Кругом стояла ночь и в небе бестуманном
Чуть дрогнул мрак пред недалеким днем.
Нас мягко вдаль несло невидимым путем,
И поцелуй наш рос в движеньи неустанном.
Закрыв глаза, сплетясь в блаженстве несказанном,
Мы льнули, таяли, жгли жалом, как огнем.
И время замерло, и не было сознанья...
Когда ж вернулась мысль и ожил взор очей,
Дневной струился свет на улицы и зданья.
И верил я, дивясь внезапности лучей,
Что этот свет возник от нашего лобзанья,
Что этот день зажжен улыбкою твоей.
Треугольник
На пламень уст твоих, лобзаньем воспаленных,
Я отвечал иным – и не твоим – устам,
И мой огонь, как день к подводным льнет цветам,
Сжигал меня лучом, уж раньше преломленным.
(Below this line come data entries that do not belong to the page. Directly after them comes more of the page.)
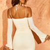 Give angel energy in the Odyssey dress, designed with flowy fluted sleeves made from luxe mesh fabric. This super stretchy style will hug the body like a glove, complete with multi straps and a bralet and cowl double neckline. Take this dress out-out with metallic platforms, loose waves and a mini grab bag.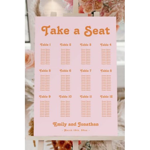 ピンクオレンジレトロ70s結婚のサンキューカード 招待状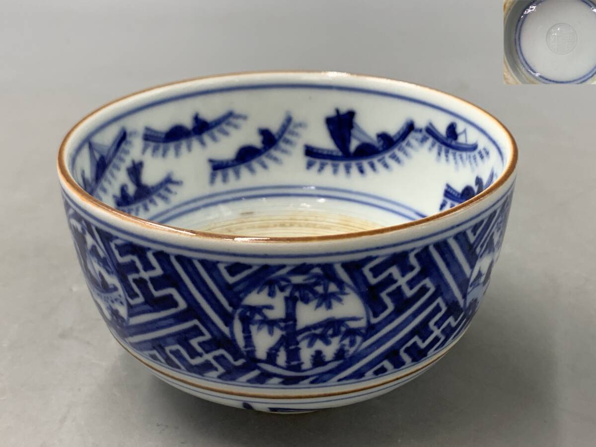Product name: 8#T/B029 九谷焼 須田菁華 茶碗 染付 茶道具 煎茶道具 60サイズ

Сменив восторг стыда восторгом исступленным,
Мы вкруг любви слились, подобны трем звездам.
И тот, кто жег других, сгорал меж ними сам,
И тот, кто разлучал, был сам звеном влюбленным.
Потом настал отлив. Наедине, в тиши,
Познал я ужас, скорбь, но лишь не повседневность.
Пусть Тайну я убил, но рядом с нею Ревность
Лежала мертвою на отмели души.
И, глядя на сестер, – когда-то их невольник, —
В раздумье на песке чертил я треугольник.
Парижанка
Из башмачка с прилипшим мотыльком
В сквозном чулке, прозрачней паутины,
Нога обнажена до половины,
Зовет, манит. Обтянут стан мешком
Без складок. Только над сухим соском
Растреснут шелк в лучистые морщины —
Соском, что, яд вливая в кровь мужчины,
Не вспухнет для ребенка молоком.
Чрез острый вырез слиты грудь и шея.
Лицо – ничье. Под краской рот, алея,
Раскрыт, как стыд. Устремлены в упор
Улыбка белая и черный взор.
Бесплодна. Чужеядна. Орхидея.
Уродство? Красота? Восторг? Позор?
Секрет и тайна
О, сестры! Два плода цветут в запрете:
Секрет и тайна. Разные они.
Секрет от рук людских. В тиши, в тени
Творится то, что жить должно в секрете.
Но луч проник – секрета нет на свете.
Иное – тайна. Богом искони
Раскрытых бездн не осветят огни.
Все тайное таинственней на свете.
О, сестры! Вы любили до сих пор
В секрете, в страхе, прячась в угол дальний,
И ложь оберегала ваш позор.
Раскрыта дверь моей опочивальни.
Люблю в непостижимости лучей
Для чувства тайно, явно для очей.
* * *
Не все ль равно, правдива ты иль нет,
Порочна иль чиста. Какое дело,
Пред кем, когда ты обнажала тело,
Чьих грубых ласк на нем остался след.
Не истину – ее искать напрасно —
Лишь красоту в тебе я полюбил.
Так любим тучи, камни, блеск светил;
Так море, изменяя, все ж прекрасно.
И как порой, при виде мертвых скал,
Наш дух, почуяв жизнь, замрет в тревоге, —
Так лживый взор твой говорит о боге,
О всем, что в мире тщетно я искал.
И не сотрет ничье прикосновенье
Небесный знак, небес благоволенье.
Иннокентий Анненский
1
ИЗ сборника «Тихие песни»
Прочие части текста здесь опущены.